Assuming that Xi is conditionally independent at the given y , the probability of x under a given Y can be simplified to:
This hypothesis intuitively understands that it is not known whether a message is spam (Y), and whether some words appear in the message, which does not help you predict if other words appear in the message. Although this hypothesis is not entirely correct, naive Bayes is still used to classify messages, classify them, and so on.
* For naive Bayesian, my understanding is: By specifying some spam keywords to calculate the probability that a message is spam. In particular, given a dictionary, give the P (xi|y=1) of each word, that is, the probability that the word XI appears in spam, and then, for a message, the probability of the message being a spam message is to multiply the P (xi|y) of all the words in the message. To simplify some, specify P (xi|y=1) ={0,1}, that is, to delimit some keywords, the probability that these keywords appear in the message is the probability that the message is spam.
Model parameters include:
Φi|y=1 = P (xi=1|y=1)
φi|y=0 = P (xi=1|y=0)
Φy = P (y=1)
Likelihood of union:
Obtain the result of the parameter:
The Φi|y=1 molecule is the number of messages with the word j in the message labeled 1, and the denominator is the number of spam messages, and the overall significance is the proportion of spam messages in the spam that the word J appears in the training set.
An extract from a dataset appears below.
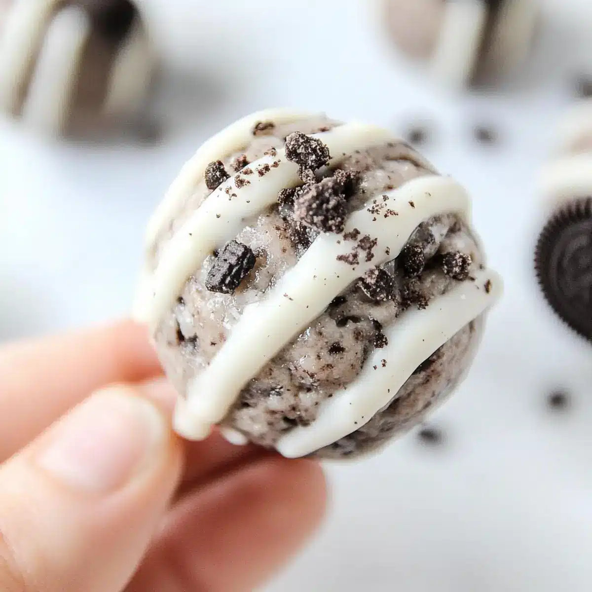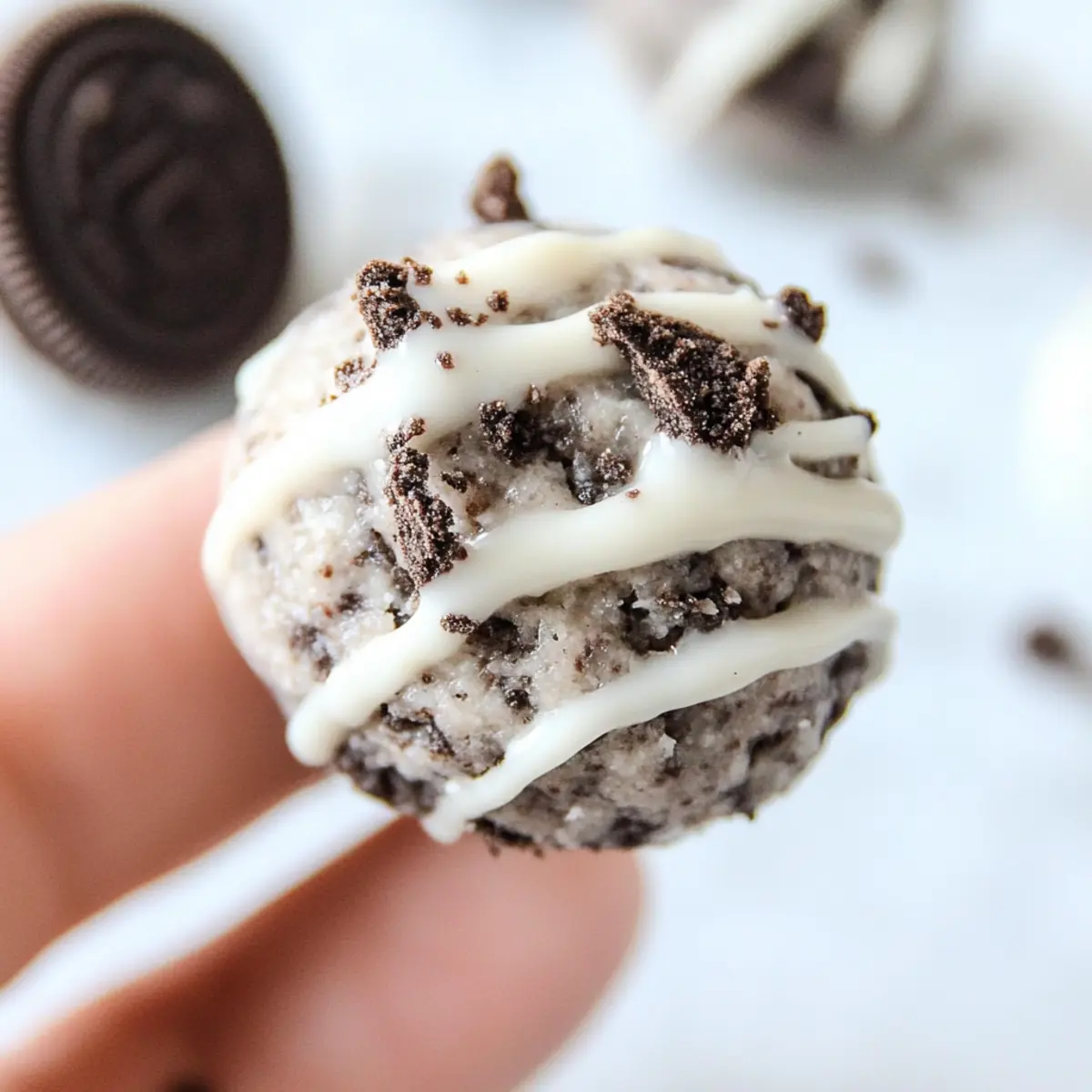 These Creamy Oreo Protein Balls are a fantastic choice for meal prep! You can mix the ingredients and form the balls up to 24 hours ahead. Simply refrigerate them in an airtight container to maintain their texture and freshness. If you’d like, you can also prepare the mixture and store it in the fridge for up to 3 days before rolling into balls. To ensure they are just as delicious when you’re ready to serve, roll them just before enjoying for the freshest taste and texture. For an elegant finish, drizzle the white chocolate topping right before serving to keep it looking and tasting amazing!
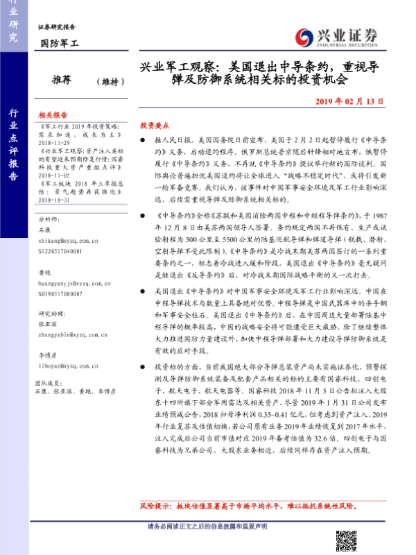 【兴业证券】【20190213】兴业军工观察:美国退出中导条约,重视导弹及防御系统相关标的投资机会-6页 行业研究

Φi|y=0 is the ratio of non-spam messages that appear in Word j to non-spam.
Φy is the proportion of spam in all messages.
To find out the above parameters, we know P (x|y) and P (Y), use the Bernoulli distribution to model P (Y), use the product of P (xi|y) to model P (x|y), and obtain P (y|x) by Bayesian formula.
* In practice, for example, the last two months of mail are labeled "junk" or "non-spam", and then Get (x (1), Y (1)) ... (x (m), Y (M)), X (i) is a word vector that marks the word that appears in the e-mail message, and y (i) is whether the e-mail is spam. Construct a dictionary with all occurrences of the word in the message, or select a word that appears more than k times to construct a dictionary.
the question of naive Bayes :
There is a new word in a new message that does not have a dictionary, set its label to 30000, because the word does not exist in both spam and non-spam messages, p (x3000|y=1) =0,p (x30000|y=0) = 0, and the calculation p (y=1|x) is as follows:
P (y=1|x) = P (x|y=1) p (y=1)/(P (X|y=1) p (y=1) + P (x|y=0) p (y=0))
Because P (x|y=1) =p (x|y=0) =0 (P (x30000|y=1) =p (x30000|y=0) = 0, the product is 0), p (y=1|x) =0/0, the result is undefined.
The problem is that, statistically, p (x30000|y) =0 is unreasonable. That is, in the past two months the word has not appeared in the mail, it is considered that the probability of 0, unreasonable.
Generally speaking, it is unreasonable to think that these events will not happen if they have not been seen before . Solve this problem with Laplace smoothing.
4. Laplace Smoothing
According to the maximum likelihood estimate, p (y=1) = # "1" s/(# "0" s + # "1" s), that is, the probability of Y being 1 is the ratio of the number of 1 in the sample to all samples. Laplace smoothing is to add 1 to each of the numerator denominator, i.e.:
P (Y=1) = (# "1" s+1)/(# "0" s+1 + # "1" s+1)
Example: Give a team 5 game results as a sample, 5 games are lost, recorded as 0, then to predict the sixth game winning percentage, according to naive Bayes: P (Y=1) = 0/(5+0) = 0, that is, there is no winning field in the sample, the winning percentage is 0, obviously this is unreasonable. With Laplace smoothing, p (y=1) = 0+1/(5+1+0+1) = 1/7, not 0, and as the negative number increases, p (y=1) is reduced, but not 0.
More generally, if y takes a possible value in K, such as trying to estimate the parameters of a polynomial distribution, the following formula is obtained:
That is, the percentage of samples with a value of J, with Laplace smoothing as follows:
For naive Bayes, the results are:
Adding 1 to the numerator, plus 2 on the denominator, solves the problem of 0 probability.